Володя Лившиц с женой, Киев, сентябрь 1994

   Вскоре после этого, после начала мая 1938 года, Павел Петpович Постышев был снят со своего поста, а позже расстрелян. 
   Впервые я узнала об несостоявшейся встрече ребят только в 1955 году. Мне рассказал об этом Володя Постышев, когда вернулся из дальних странствий по тюрьмам и лагерям. 

П. Постышев с сыновьями на отдыхе. 1930 г.

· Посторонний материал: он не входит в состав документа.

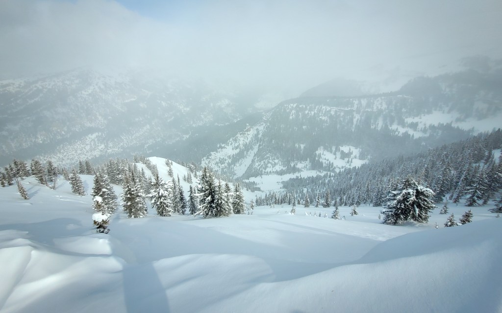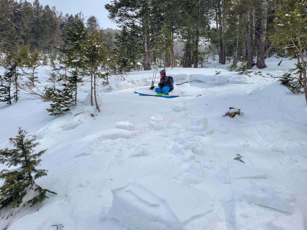 Treasure Mountain… Treasure Mountain… it’s sure had my number this year. Two of my three trips up the beast have produced avalanches. Luckily both were harmless. The Eddington Canyon and Hanging Valley areas are especially rocky and cliffy, more so than any zone I’ve come across in the Tetons. The avalanche I produced this day occurred between two rock bands on a twenty foot wide strip of snow. The initial impact zone that caused the collapse happened at an especially shallow point where the snow was only a few inches deep on a wind swept ridge. Wind-slabs are always most reactive in “unsupported” terrain, namely “rollover” zones and cliffs. I knew this well, but let my guard down in low-elevation, low-angle terrain. The avalanche forecast was reported “low” below 9,000 feet, but as the saying goes, “low danger does not mean no danger.” The worst possible outcome would have been a likely harmless tumble over a very small cliff, maybe a twisted knee or a concussion. But had there been more cliffs or trees below, the outcome could’ve been life threatening. Even Reed, with his multiple decades of Teton ski-mountaineering experience, said he wouldn’t have spotted the pocket. I guess events like these just come with the territory, and highlight the value of skiing with partners on days with questionable snow conditions. All in all, today was another great Teton day for the books. I’ll be looking forward to getting out of the bushiness and back up high as soon as the snowpack and my motivations allow.
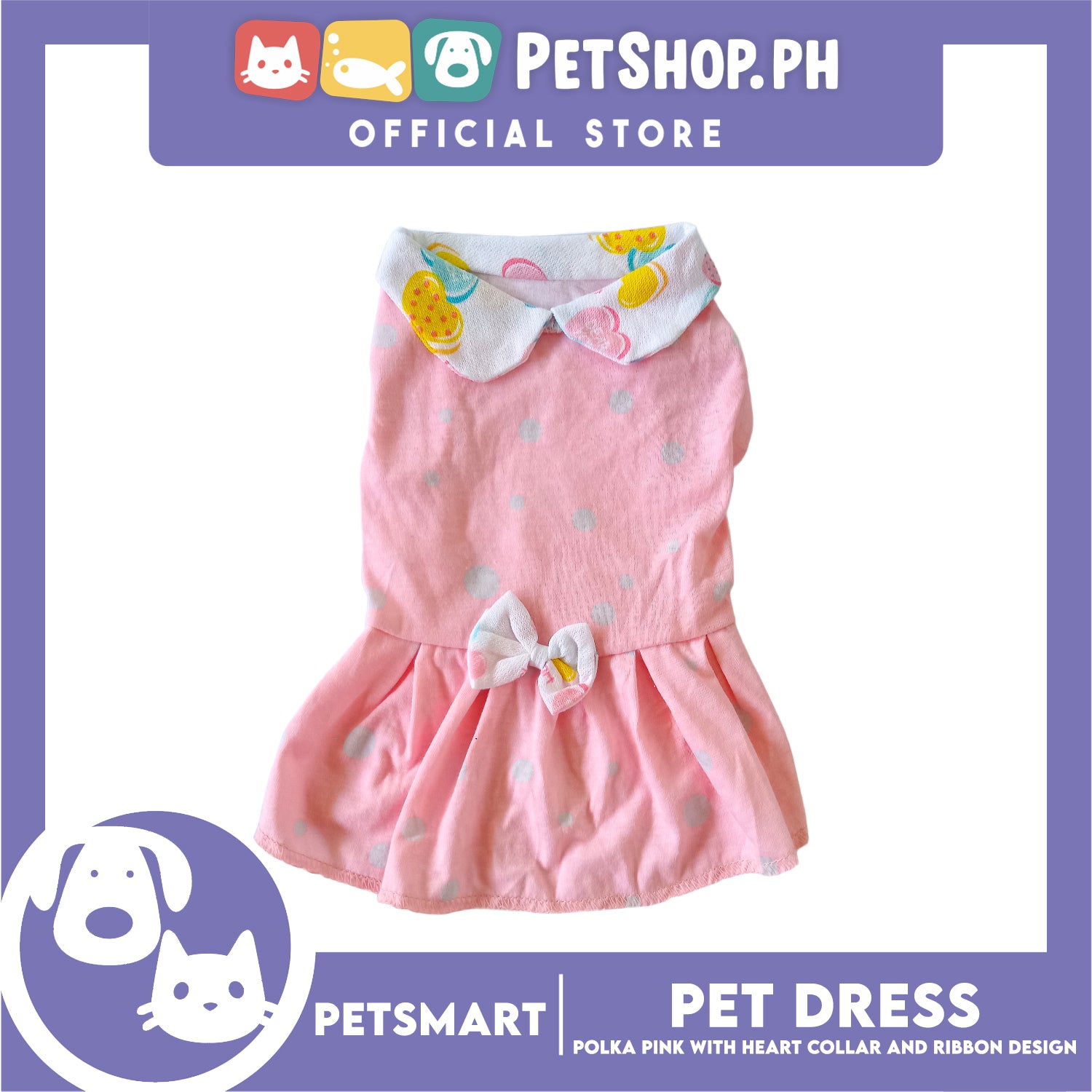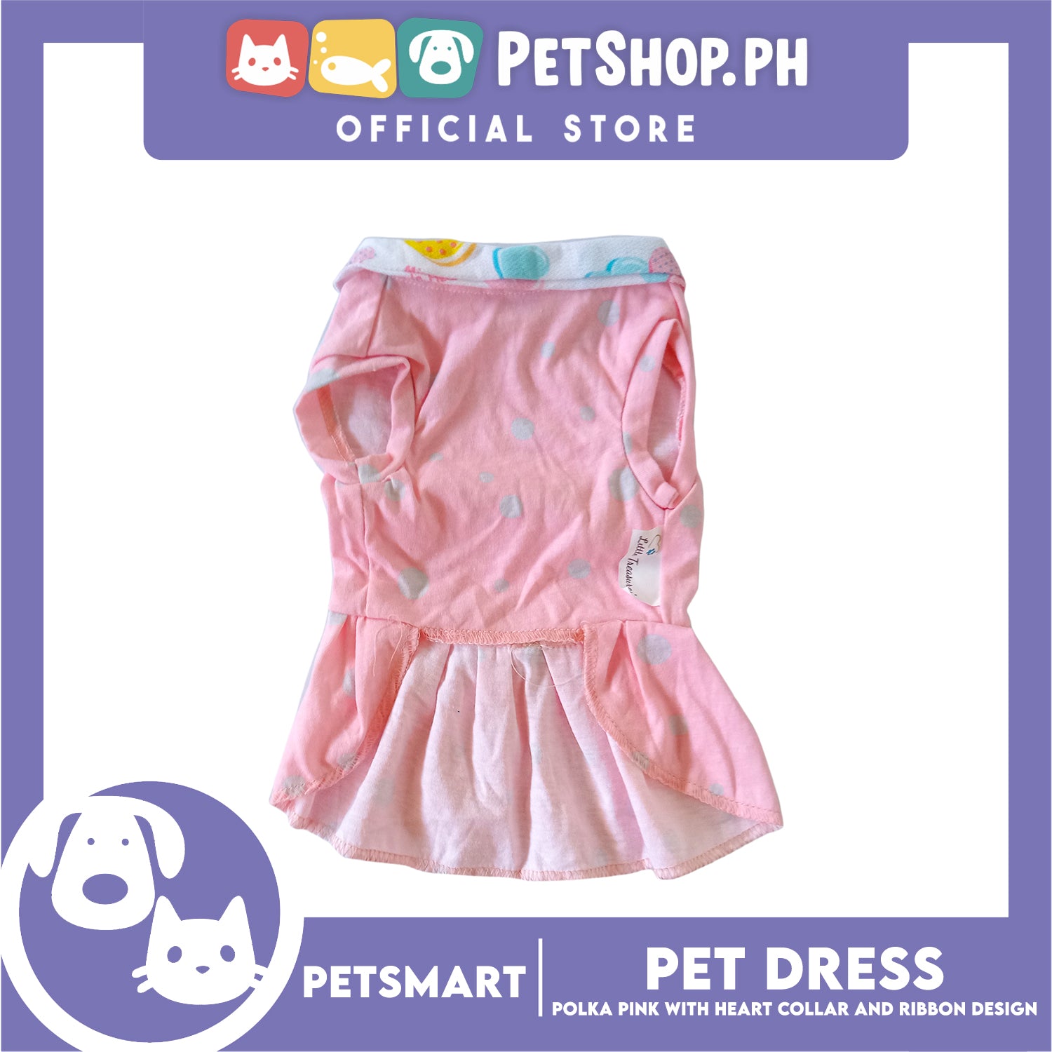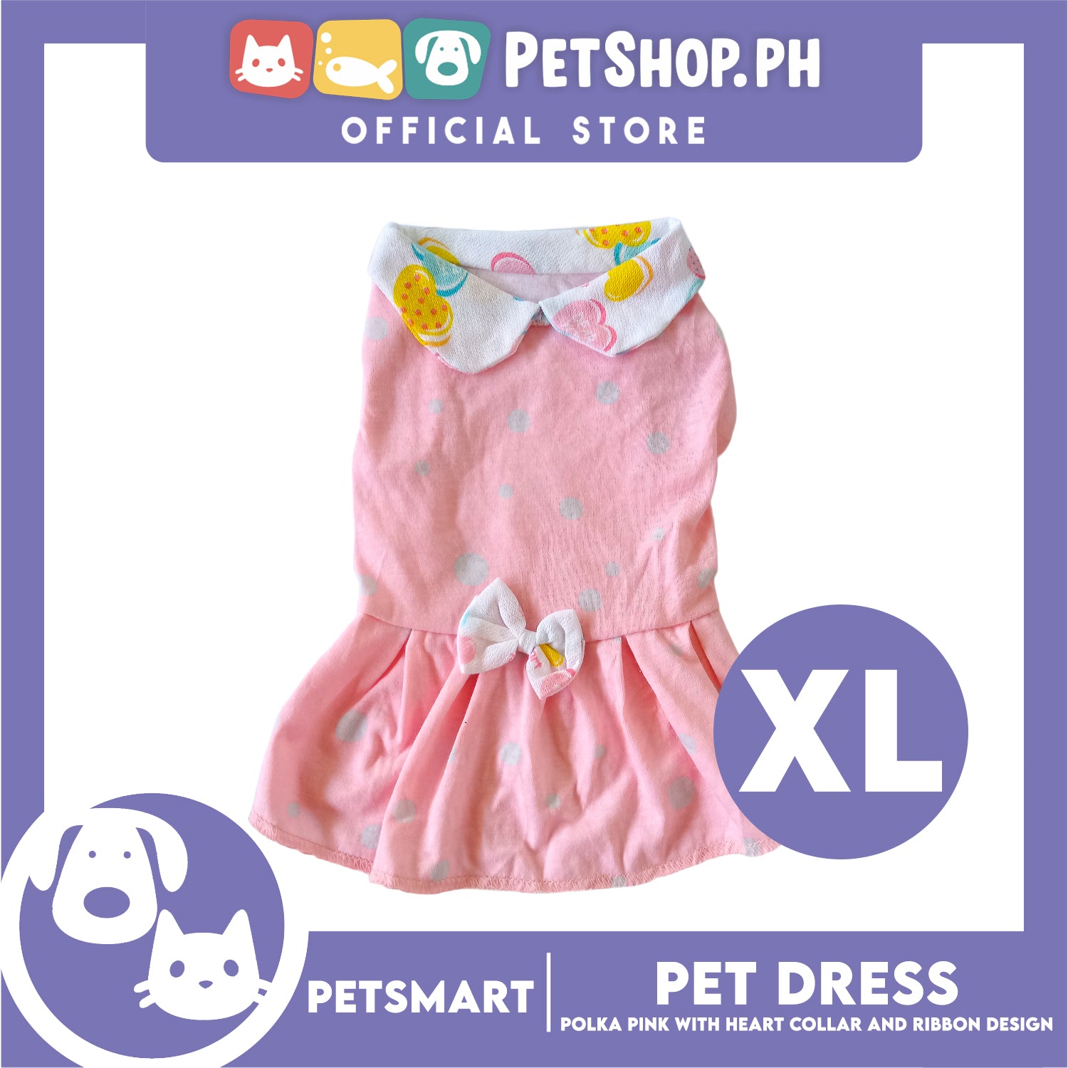 Pet Dress, Polka Pink with Heart Collar and Ribbon Design DG-CTN158XL (XL) Perfect Fit For Dogs And Cats, Pet Clothes, Soft and Comfortable Pet Clothing

   И вот я задумалась. Мне представилась кавалькада мальчиков, несущихся на велосипедах из Киева по Житомирскому шоссе навстречу боям, в которых они должны были участвовать... Неужели же Павел Петpович, сам романтик революции, не сумел представить себе, о чем мечтали ребята? И на первый план для него вышла «педагогическая» проблема их самовольных действий, которые достойны наказания? Думаю, что этого не могла быть. Просто Постышев уже понимал, что ожидает его и его детей в самом ближайшем будущем, и не хотел, чтобы над Володей Лившицем нависла та же угроза. Но в последний момент все-таки дал сыну возможность хотя бы издали увидеть своего друга. 

   Семья Розенберг 
   Мой отец, Абрам Венгер, и Верин отец, Самуил Розенберг, всегда работали вместе. Мой папа был «ответственный коммунист», а потому партия могла бросать его из города в город, с одного поля деятельности на другое. В соответствии с принципом, который блестяще сформулировал Александр Безыменский, ныне почти забытый комсомольский поэт: «ЦеКа играет человеком,/ оно изменчиво всегда -/ то вознесет его высоко,/ то бросит в бездну без следа». Так вот, папу бросал ЦК, а Самуил Розенберг ездил за ним по своей воле. Они, как говорил папа, замечательно сработались. Розенберг был бухгалтером. «За ним, - любил повторять папа, - как за каменной стеной». 
   Трудно было представить себе других таких несхожих внешне и по форме поведения людей, чем Самуил и его жена Этя. Самуил был некрупный, худой, с правильными чертами лица, негромким голосом. Если память мне не изменяет, у него были светлые волосы. Он был нетороплив и очень приятен в общении. Этя же была крупная, черная, усатая и басовитая. Когда мы учились в школе, она была уже заслуженной учительницей, но работала не в нашей, а в какой-то другой школе. Движения у нее были энергичные, речь категоричная. Она явно обладала юмором и характером. Мама, которая дружила с Этей еще в юности, рассказывала, что замуж Этя вышла поздно и на вечеринках с удовольствием пела песню: 

   «Зитц их бин ауф штейн, зитц их бин унд вейн - 
   Але мейделе гобен хасене, унд их айне нейн...», 

   что можно перевести так: 

   «Сижу я на камне, сижу я и плачу - 
   Ведь все с женихами, лишь мне нет удачи...» 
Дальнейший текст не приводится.